Will you extract the entries word for word? Images should not appear in the copy.

- [DATA UNDER STUDY]
- - -

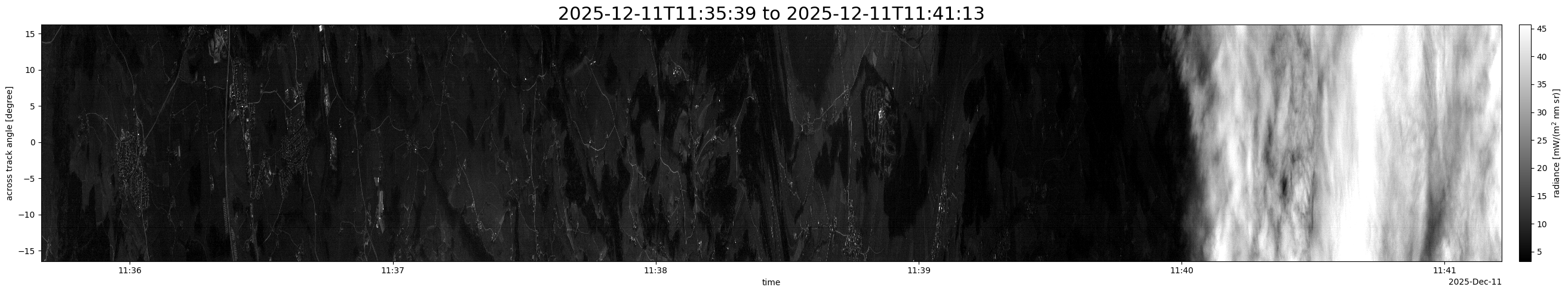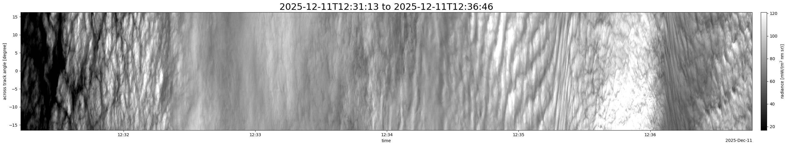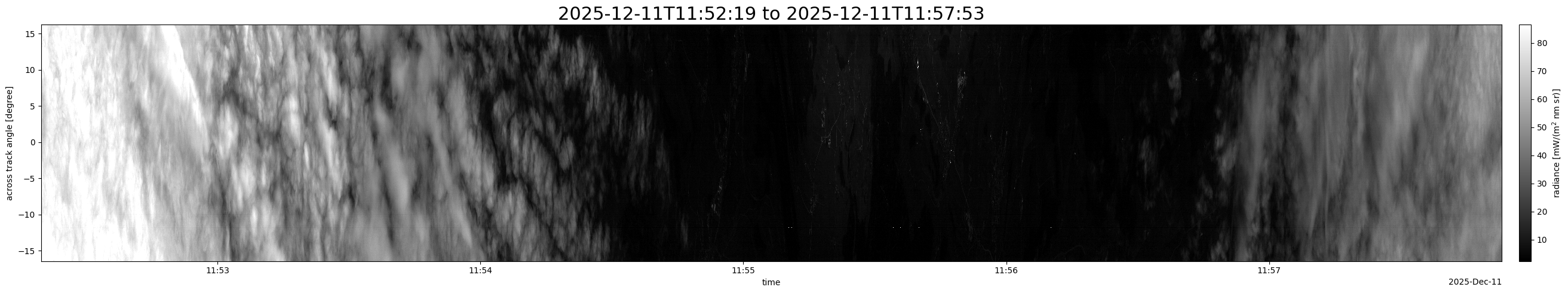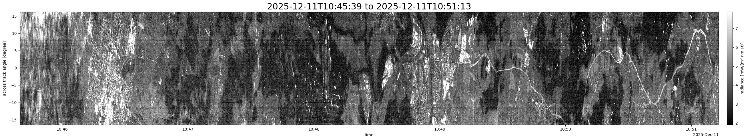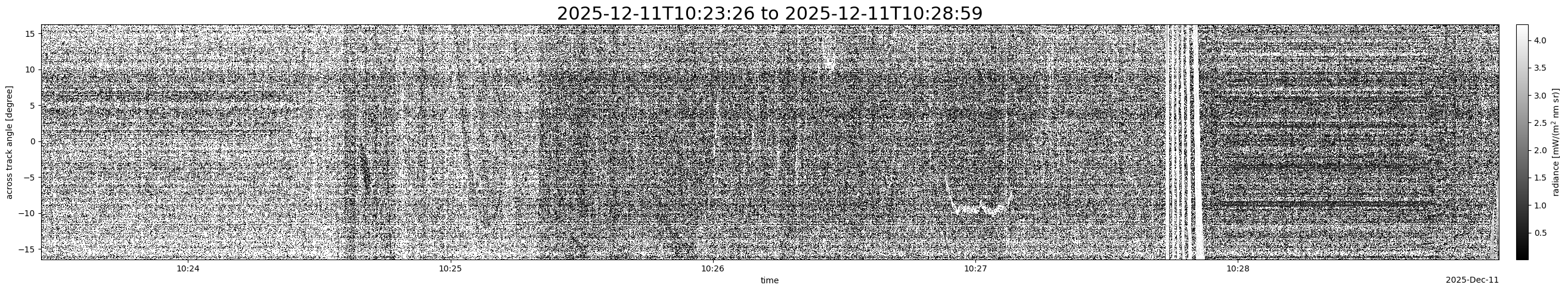 Note that due to the scanning nature of the sensor, the across-track axis is angular resolved while the along-track axis (time-axis) is linear along the flight track.
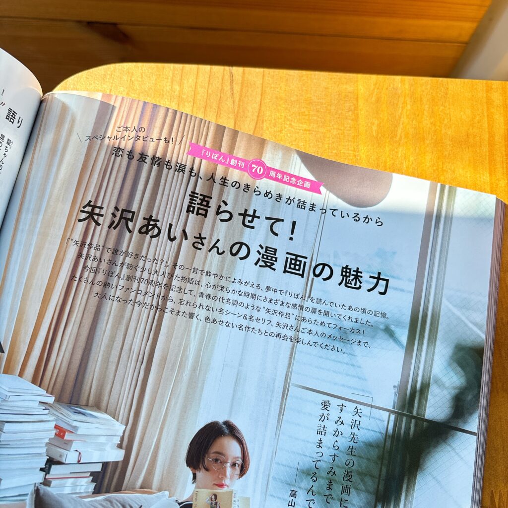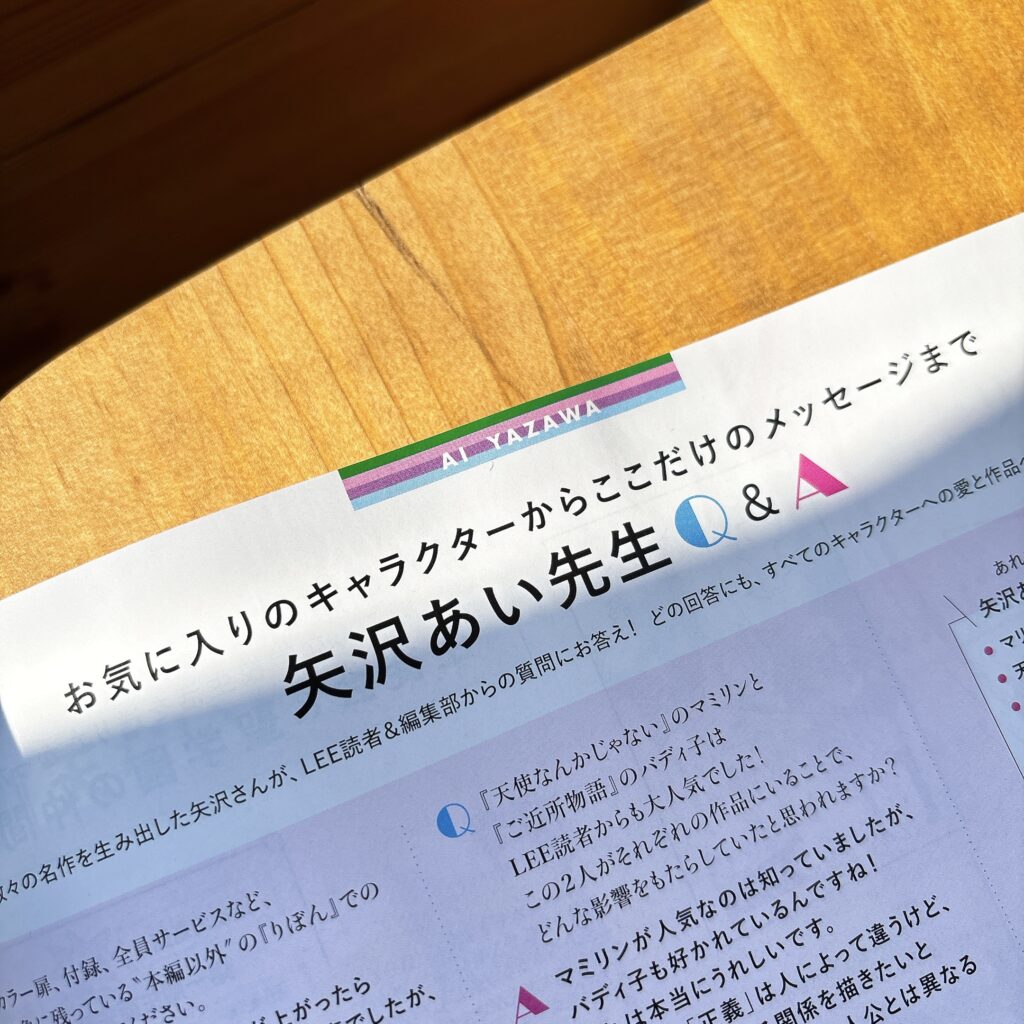 なんと今回は矢沢あい先生ご本人からのQ&Aも!そしてこの誌面のデザインを見てほしい。〝AI YAZAWA〟の部分がりぼん単行本のデザインカラーになってるの🥹🥹🥹これ見てキュンとしたー!
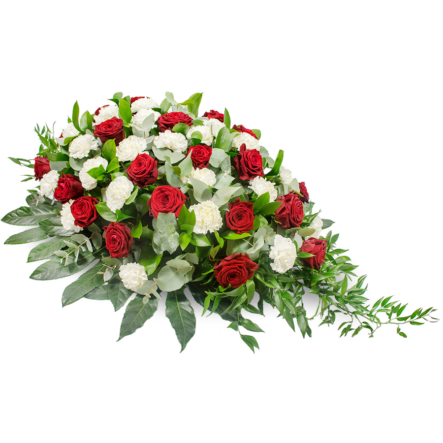 Commemorate the wonderful life of a close someone that will always be remembered. This lovely display of red roses, white carnations and greenery is perfect to offer your condolences to the grieving family and comfort them during a difficult time.
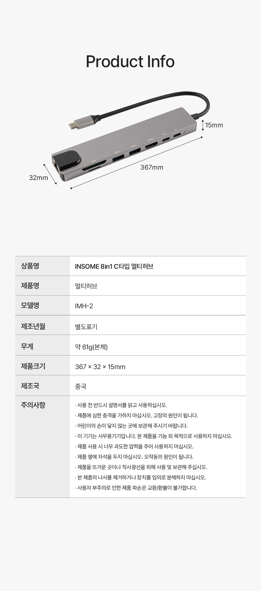 약 61g (본체) 367 x 32 x 15 (mm) 해당 없음
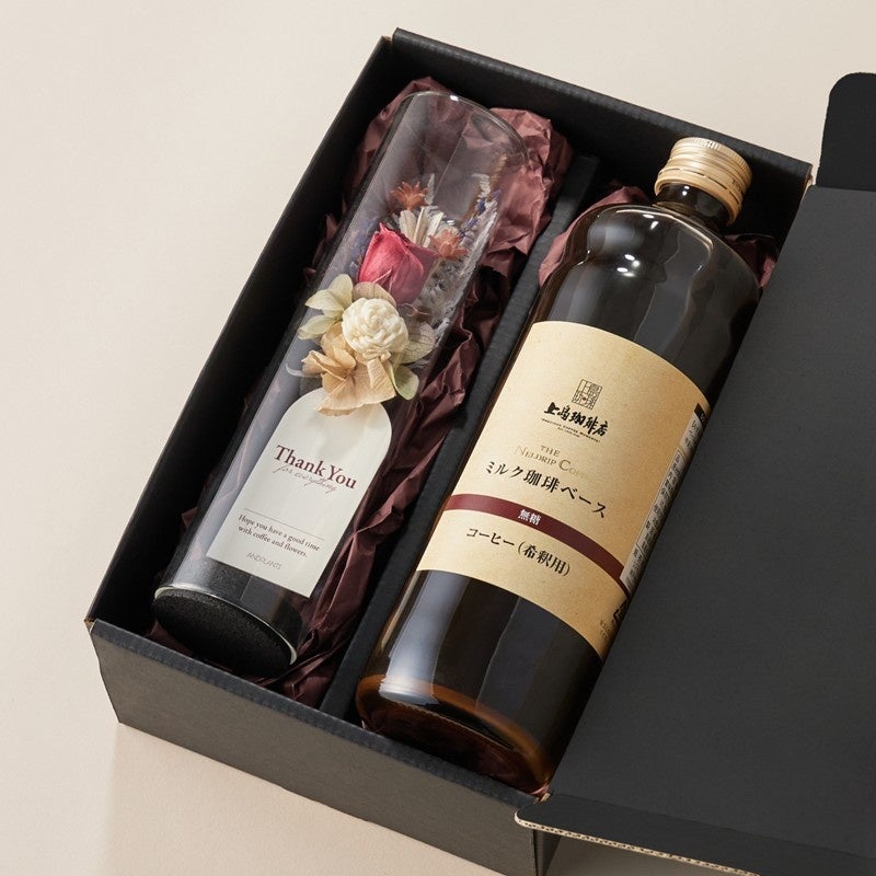 上島珈琲店の看板メニューである『ミルク珈琲』の味わいを、ご自宅で手軽に再現できるコーヒーベースと、ガラス瓶入りの華やかなフラワーボトルのセット。フラワーボトルには「thank you」のメッセージタグが付いているため、感謝を伝えるプレゼントにぴったりです。ギフトボックスを彩る「母の日デザインシール」をご選択いただけます。
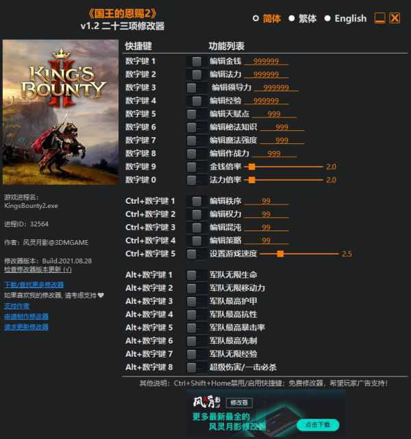 简体、繁体、English,可以切换语言 (切换语言后修改器将把该语言设置为默认语言)
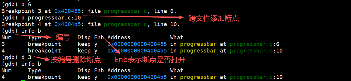 使用 " b " (break)来增加断点,使用 "info b " (infomation)来查看所有断点信息,使用"d 断点编号"(delete)删除相应断点断点,和跨文件查看类似,用"b 文件名:行号 "跨文件添加断点
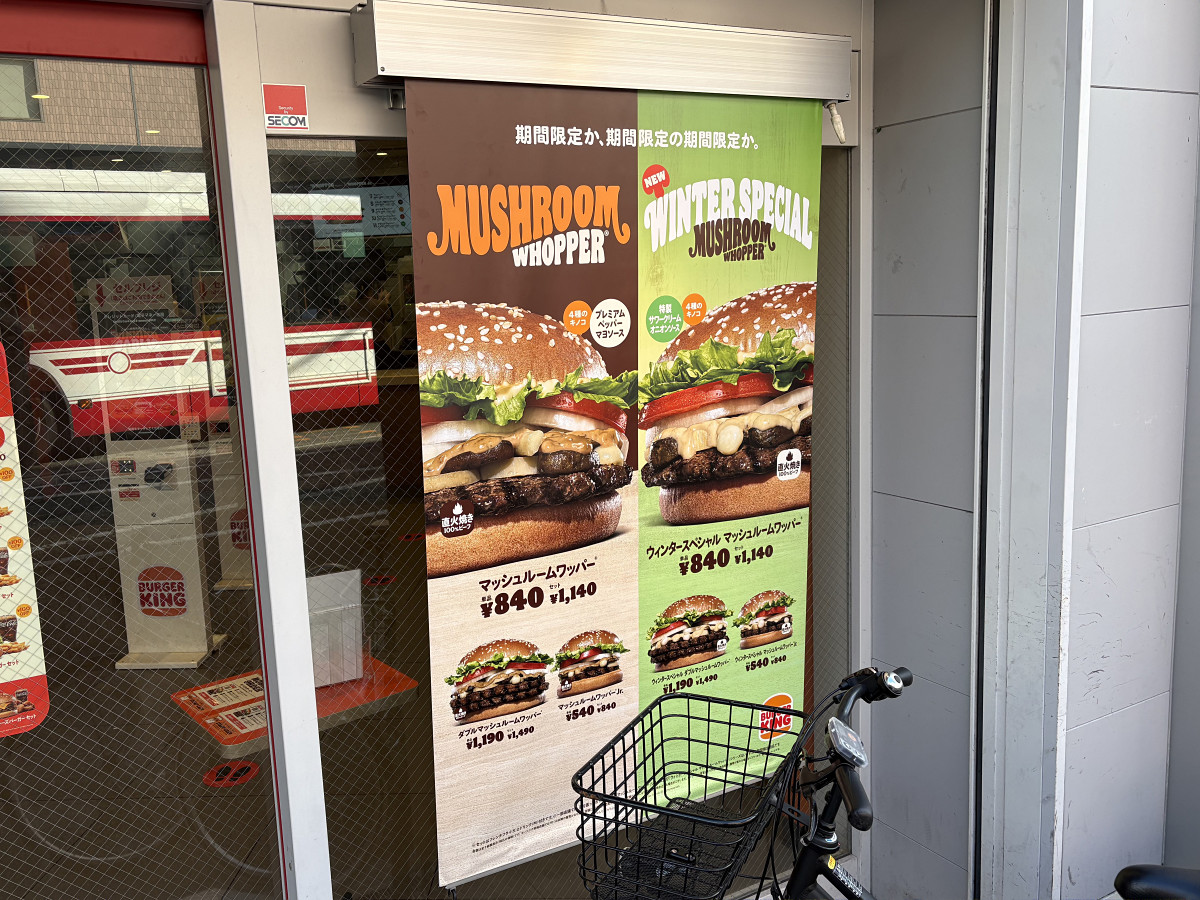単品価格は「ウィンタースペシャル マッシュルームワッパー」が税込840円、「ウィンタースペシャル ダブルマッシュルームワッパー」が税込1190円、「ウィンタースペシャル マッシュルームワッパー Jr.」が税込540円です。
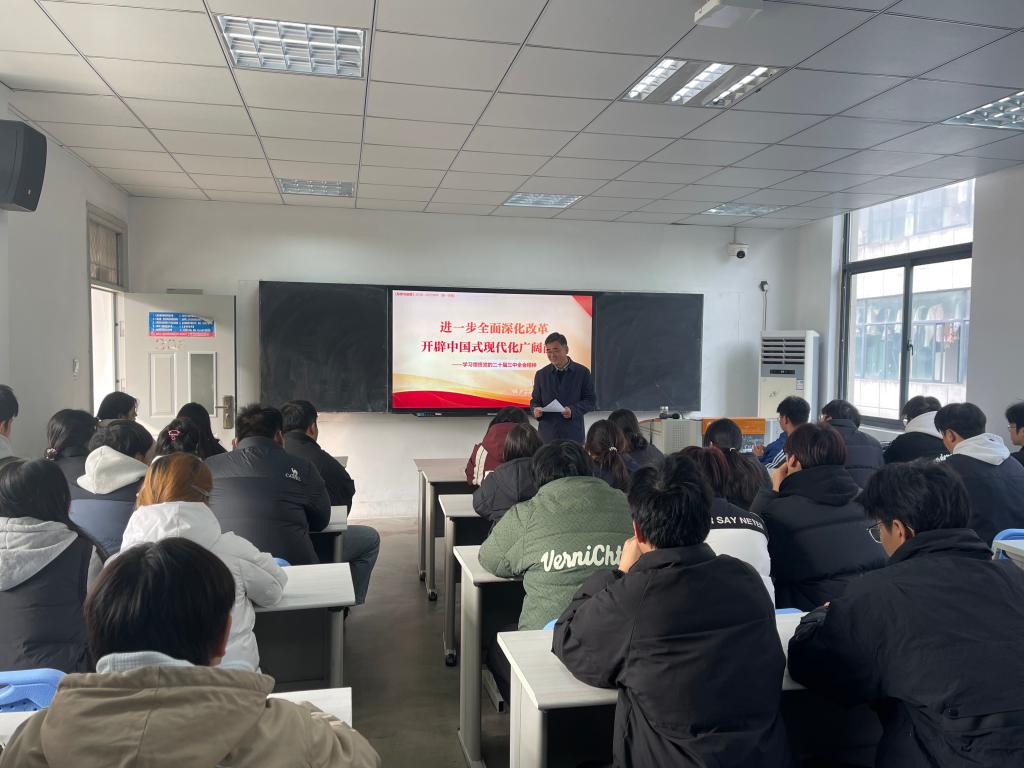 課上,許衛以二十屆三中全會召開背景作為切入點,深入淺出地闡述了全面深化改革與中國式現代化的內在關系。他指出,全面深化改革是推進中國式現代化的根本動力。在新的歷史時期,只有不斷推進經濟、政治、文化、社會、生態文明等各領域的改革,才能為中國式現代化建設注入源源不斷的活力。

- - -

- [ANSWER TO THE EXERCISE]
 Note that due to the scanning nature of the sensor, the across-track axis is angular resolved while the along-track axis (time-axis) is linear along the flight track.
 なんと今回は矢沢あい先生ご本人からのQ&Aも!そしてこの誌面のデザインを見てほしい。〝AI YAZAWA〟の部分がりぼん単行本のデザインカラーになってるの🥹🥹🥹これ見てキュンとしたー!
 Commemorate the wonderful life of a close someone that will always be remembered. This lovely display of red roses, white carnations and greenery is perfect to offer your condolences to the grieving family and comfort them during a difficult time.
 약 61g (본체) 367 x 32 x 15 (mm) 해당 없음
 上島珈琲店の看板メニューである『ミルク珈琲』の味わいを、ご自宅で手軽に再現できるコーヒーベースと、ガラス瓶入りの華やかなフラワーボトルのセット。フラワーボトルには「thank you」のメッセージタグが付いているため、感謝を伝えるプレゼントにぴったりです。ギフトボックスを彩る「母の日デザインシール」をご選択いただけます。
 简体、繁体、English,可以切换语言 (切换语言后修改器将把该语言设置为默认语言)
 使用 " b " (break)来增加断点,使用 "info b " (infomation)来查看所有断点信息,使用"d 断点编号"(delete)删除相应断点断点,和跨文件查看类似,用"b 文件名:行号 "跨文件添加断点
単品価格は「ウィンタースペシャル マッシュルームワッパー」が税込840円、「ウィンタースペシャル ダブルマッシュルームワッパー」が税込1190円、「ウィンタースペシャル マッシュルームワッパー Jr.」が税込540円です。
 課上,許衛以二十屆三中全會召開背景作為切入點,深入淺出地闡述了全面深化改革與中國式現代化的內在關系。他指出,全面深化改革是推進中國式現代化的根本動力。在新的歷史時期,只有不斷推進經濟、政治、文化、社會、生態文明等各領域的改革,才能為中國式現代化建設注入源源不斷的活力。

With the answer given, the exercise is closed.